Reading Time: 6 minutes
Executive Summary (30 second read): Inspired by Doris Kearns Goodwin's book Team of Rivals, the article identifies 10 "Lincoln laws" relevant to modern governance. These include creating a diverse team of rivals to challenge and improve decision-making, not getting bogged down by detractors, and the importance of allegiance and integrity. Lincoln's awareness of public opinion and strategic timing, his use of simple language to convey complex ideas, and his honesty are also highlighted. The article underscores Lincoln's ability to find humor in stress, make decisions without personal bias, spend time with front-line workers, and focus on leaving a meaningful legacy. It concludes that success in local government, like in Lincoln's time, is more achievable when working collaboratively with others.
Full Article:
Despite the fact that the license plates on my parents’ cars always proclaimed “Land of Lincoln,” merely growing up in Illinois did not give me any inherent insights into its favorite son. It wasn’t until one of our longtime, retiring city councilmembers presented the mayor with Doris Kearns Goodwin’s book, Team of Rivals, that my interest in President Abraham Lincoln bloomed.

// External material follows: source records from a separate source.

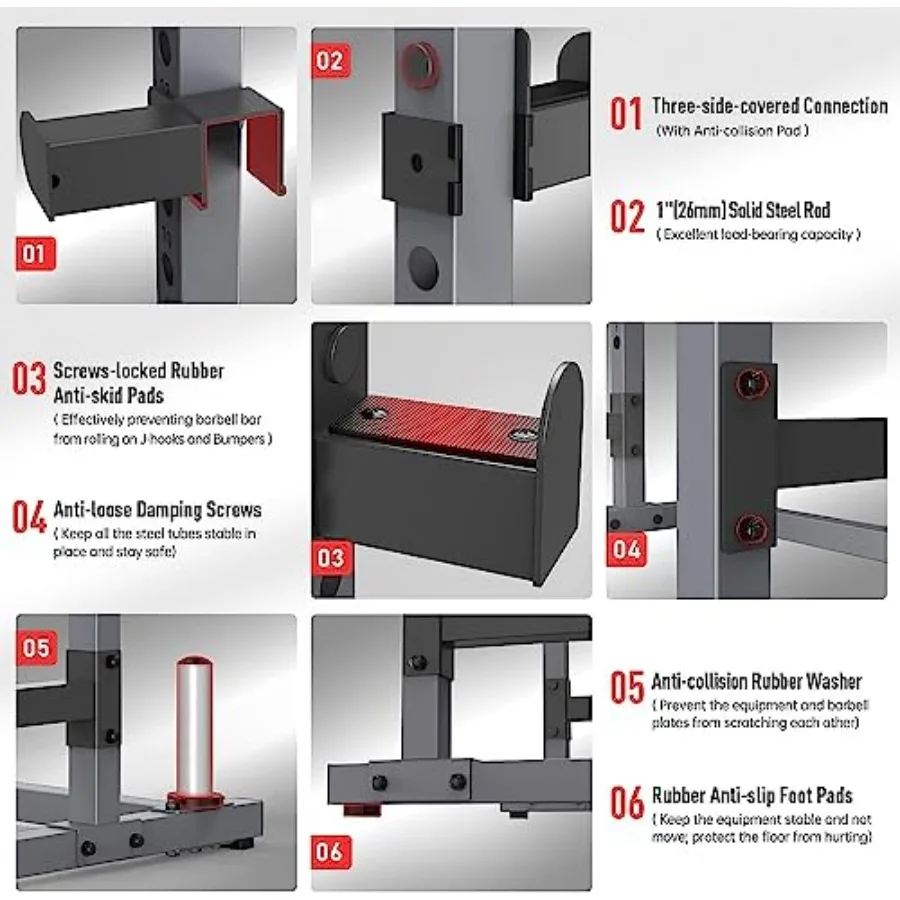 - 【 Stable and Safe 】 - This power rack for home gym is designed with lots of features to keep the users safe during workout: 1, total 4 bumpers, 2 for each side (other half racks only use 1 or 0), offer safer and more stable workout experience; 2, Screw-locked anti-slip pads for J hooks and bumpers, the barbell bar will not slip and keep safe; 3, Solid steel perforation of the holes to install the J hooks and bumpers to the columns, and three-full-sided wrapped with steel, super stable and never wobble.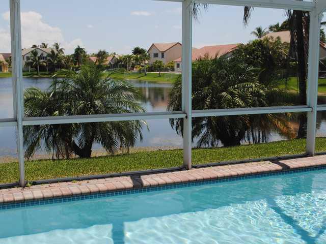 Pristine and peaceful. This charming direct lakefront gated community residence. Great model. Split, open floorplan incl. huge master suite. Three bedrooms addtl. 40 foot screened solar heated pool. Two year old Trane AC. Accordion shutters. Newer wool be rber in bdrms, w/d and wtr heater. Great Schools, Immed Occupancy.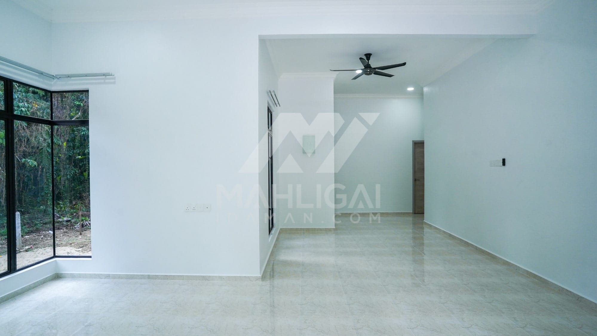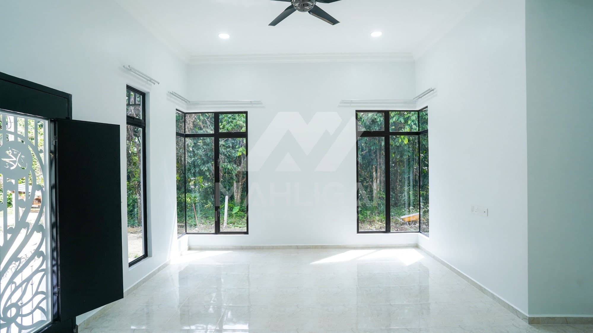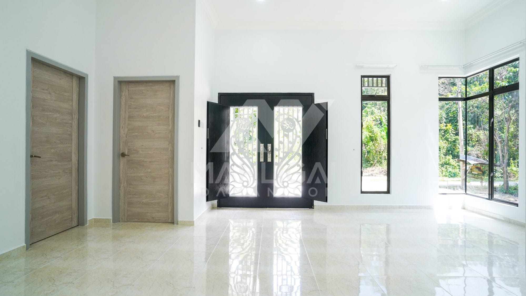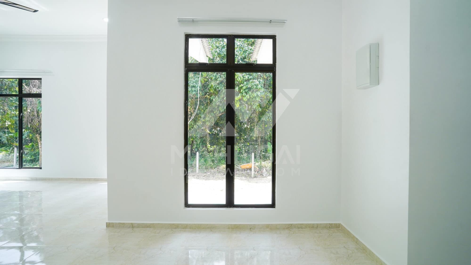 Banglo ini dibina dengan spesifikasi asas Pakej Silver dengan penambahan aksesori iaitu pemasangan cornice pada keseluruhan tingkap dan dinding luar rumah, groove line pada dinding di bahagian luar rumah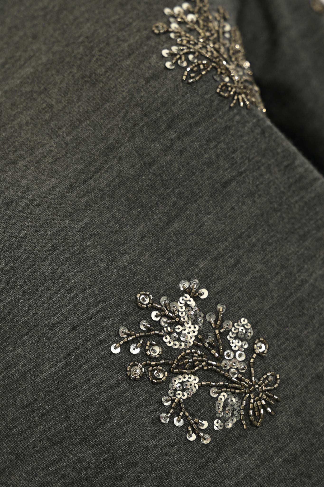 - Dettagli: ricamo gioiello applicato su fronte e maniche con perline e paillettes, fondo e maniche rifiniti a coste sottili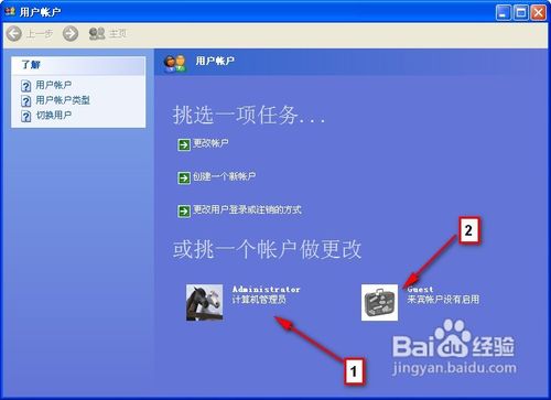 4、设定来宾用户。点击下图中的“2”,启用来宾用户。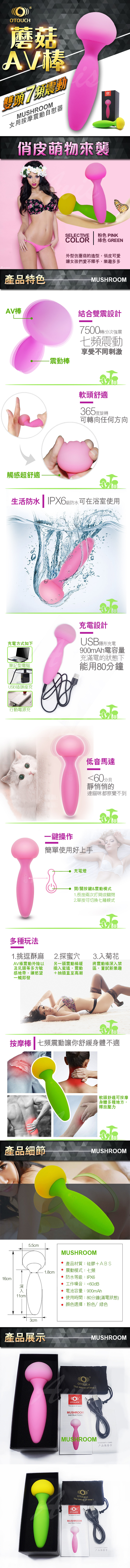 .商品內容:OTOUCH MUSHROOM 蘑菇 女用充電防水震動棒 AV按摩棒 粉色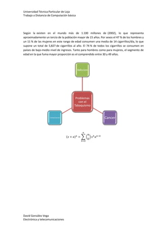 El documento habla sobre los efectos negativos del tabaquismo. El tabaco es altamente adictivo debido a la nicotina y causa dependencia física y psicológica. Fumar está relacionado con muchas enfermedades como cáncer y enfermedades pulmonares y causa más de 50,000 muertes por año en España. Además de los fumadores, el humo del tabaco también afecta a las personas que respiran el mismo aire.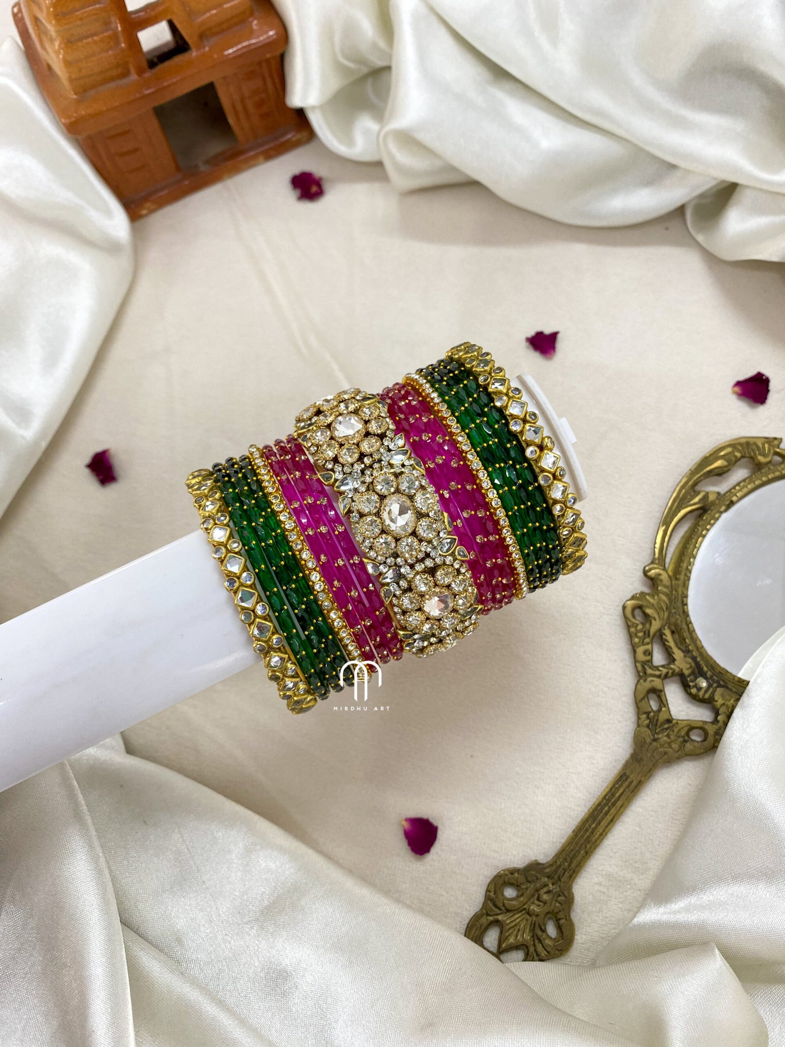 - Kundan Bangles except Glass Bangles contains (2) 3D Malar Jumbo kada, 4 – Single line bangles.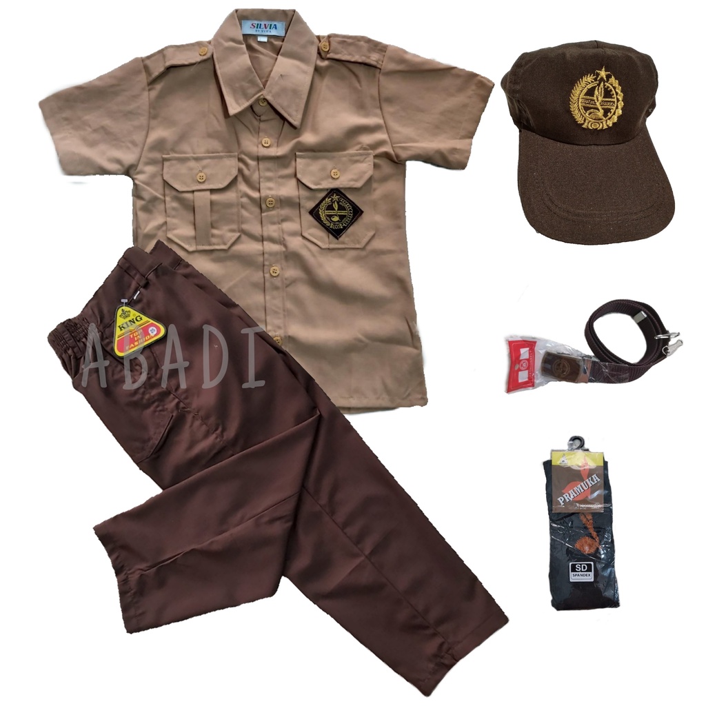 setelan seragam pramuka pendek panjang laki SD kelas 1-6 komplit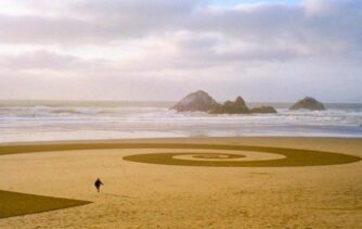 Yaptığı çalışmaların hava şartları ve dalgalar tarafından silinmesine izin veren, geçici tasarımlar yapan Jim Denevan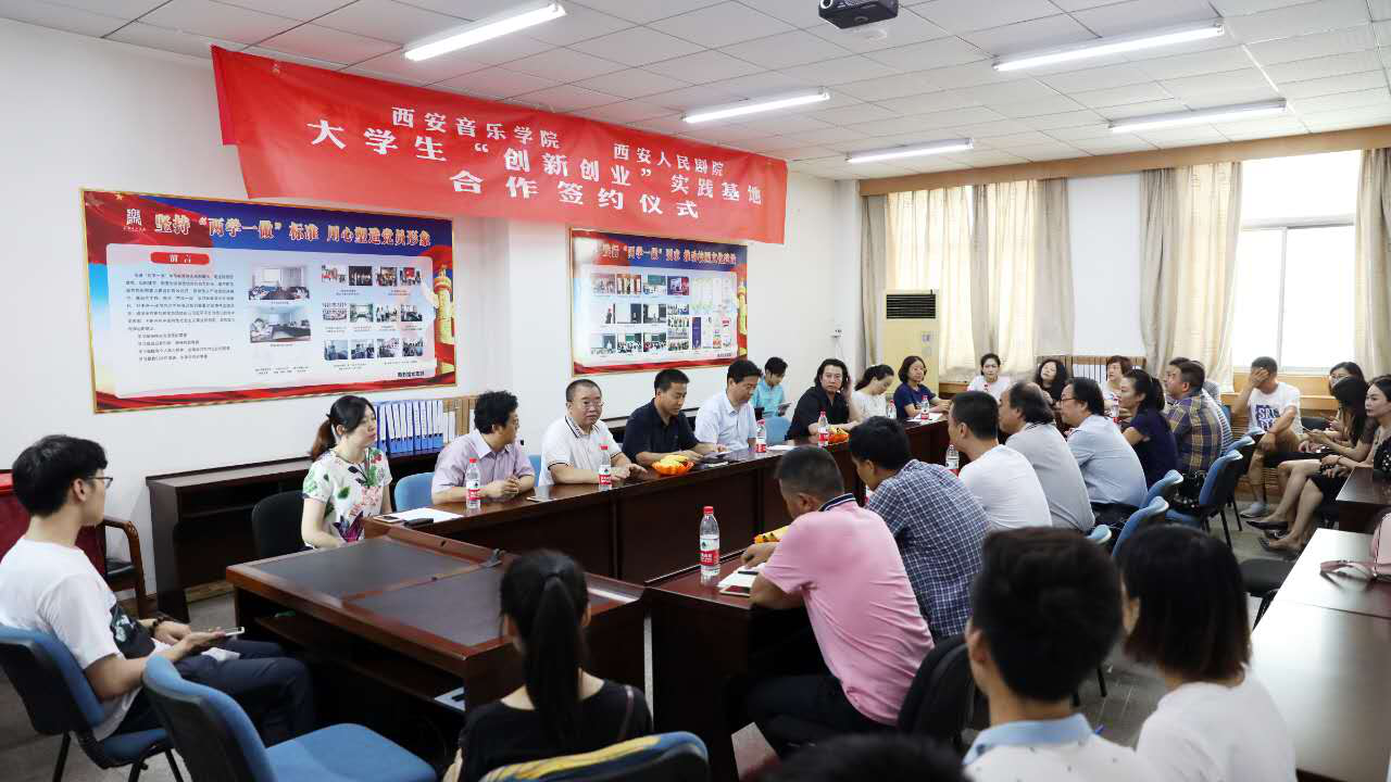 2017年7月4日上午十点三十分,西安音乐学院与西安人民剧院大学生“创新创业”实训基地合作签约仪式在西安音乐学院图书馆三层会议室隆重举行。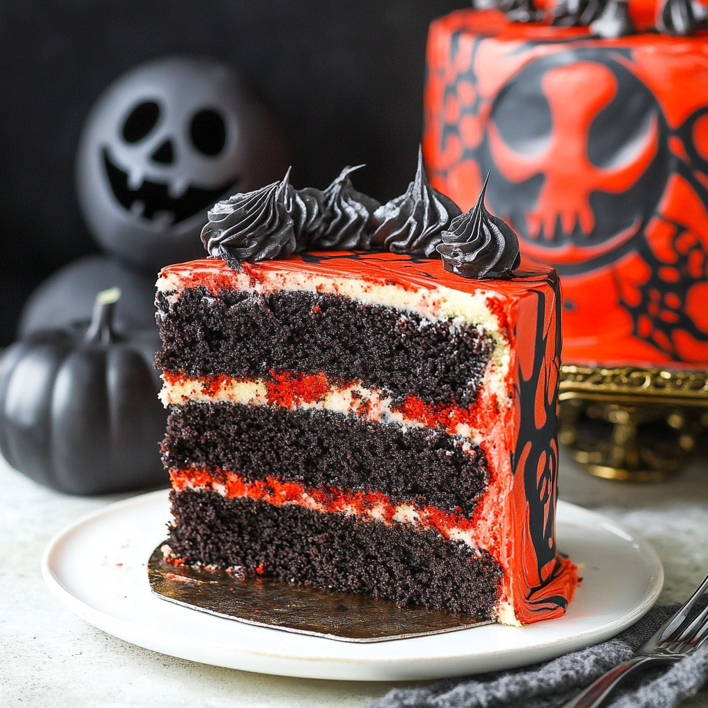 - Eye-catching design: The striking red and black colors make this cake a perfect fit for Halloween celebrations.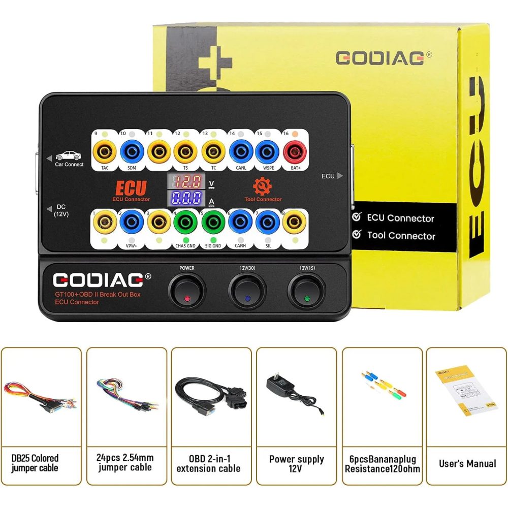 - ??Easy Operation With Banana Plug & Current Display??Compared with similar tools, GT100+ OBDII Breakout box features with simple operation and additional features for doing ECM, ECU repair on vehicles. GT100+ breakout box connects with ECU module via banana plug or DB25 connector, not only providing power to ECU,but also directly displaying electronic current value. You can easily judge whether your cable has connected correctly or the ECU module is in good condition.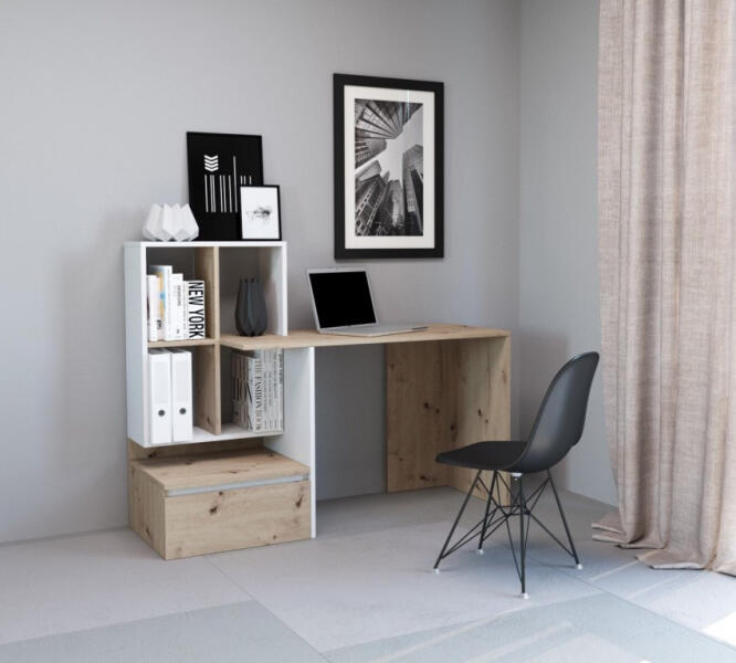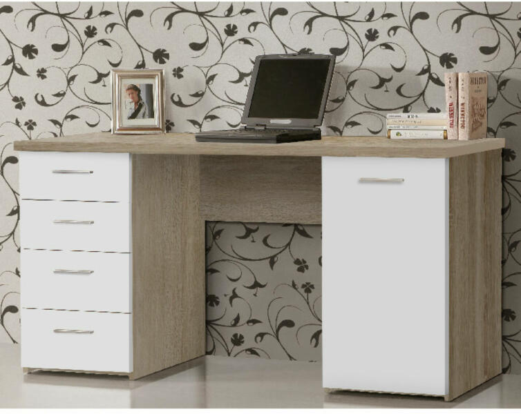 Bútorok ABC szerint > Irodabútor > Íróasztal - Íróasztal rengeteg tárhellyel rendelkezik, a fiók ajtaja fehér matt színű, az asztallap sonoma tölgy színű. Balra négy fiók található, jobbra egy szekrény. Terhelhetősége: 20 kg, a fiókoknak és a polcnak 5 kg. Mérete:145x60x76,3 cm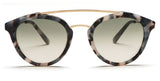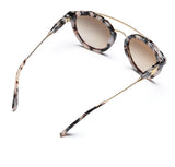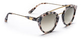 Snow Leopard: Double Bridge 01 features sage gradient tinted lenses. Beautiful polished snow leopard acetate combines with polished gold metal for a super-elegant look. Super gold polished metal inlays at the temple ensure you’ll always shine brightly.
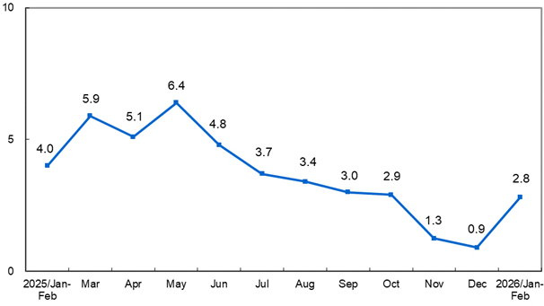 Розничные продажи товаров и услуг в январе-феврале выросли на 2,8% (г/г), что почти вдвое превышает темпы декабря (+1,9 п.п. динамики). В структуре продаж особенно выделяются категории одежда и текстиль (+10,4%), продукты и масла (+10,2%), коммуникационное оборудование (+17,8%), ювелирные изделия (+13%). Розничные продажи услуг выросли на 5,6% (г/г), что лучше прошлого года; сегменты общественного питания и онлайн-сервисов также находятся в числе лидеров (+4,8% и +7,3% соответственно). Онлайн-торговля продолжает усиливаться: розничные продажи товаров онлайн увеличились на 10,3%, а их доля в общем обороте превысила 24%.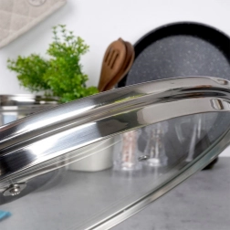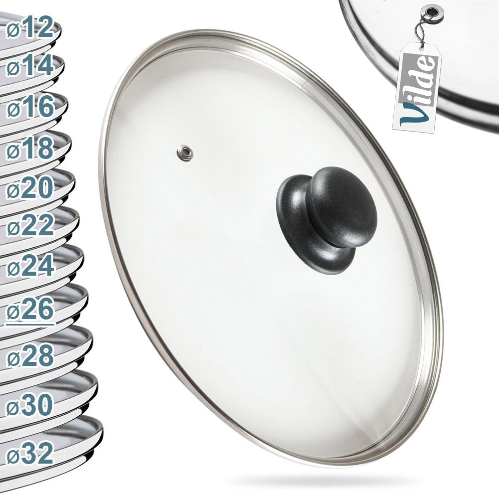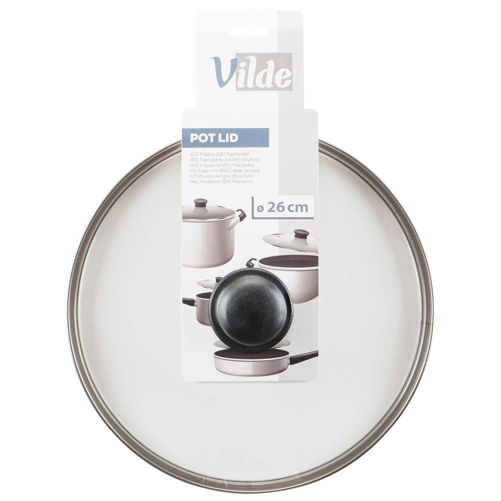 Capacul din sticlă VILDE 26 cm este un accesoriu de încredere pentru oale, tigăi și crăticioare cu același diametru. Sticla transparentă și rezistentă permite controlul preparatului în timp real, în timp ce marginea din inox asigură robustețe, durată de viață îndelungată și așezare stabilă pe vas.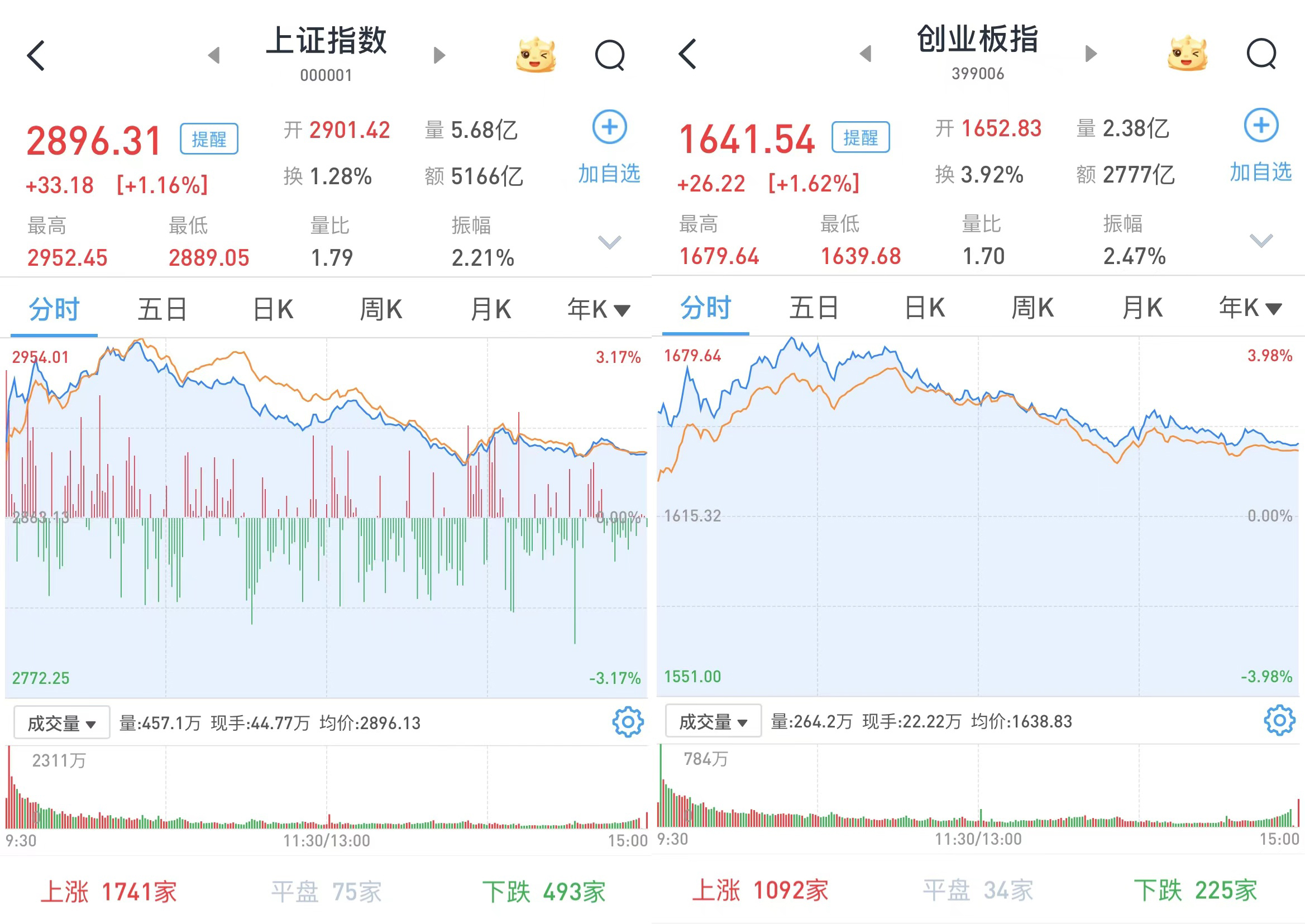 至收盘,上证综指涨1.16%,报2896.31点;科创50指数涨0.04%,报667.34点;深证成指涨1.21%,报8537.73点;创业板指涨1.62%,报1641.54点。

As an assistant city manager, I was curious about why this book on Lincoln would be a valued gift from one veteran elected official to his closest colleague. After I read it, I was surprised and delighted to find a distinct set of traits, practices, and beliefs that guided Lincoln’s day-to-day decision making and leadership. What emerged for me was a sort of handbook of best practices for local government managers and other top local government executives.
Lincoln, of course, was an elected official and not a manager. How he led his life has much to offer elected officials, including how to win an election, but his life may have even more to offer city and county administrators. Here I have assembled 10 “Lincoln laws” that are as relevant today as they were in 1860 when Lincoln was elected president, eggs were 18 cents a dozen, and the top iTunes download would have been “I’ve Been Working on the Railroad.”
1. Create Your Own Team of Rivals
After Lincoln first won the presidency, he made the surprising decision to fill his cabinet with his fiercest rivals, whom he had just outmaneuvered to win the top position. Goodwin notes, “Every member of his administration was better known, better educated, and more experienced in public life than Lincoln. Their presence in the cabinet might have threatened to eclipse the obscure prairie lawyer from Springfield.”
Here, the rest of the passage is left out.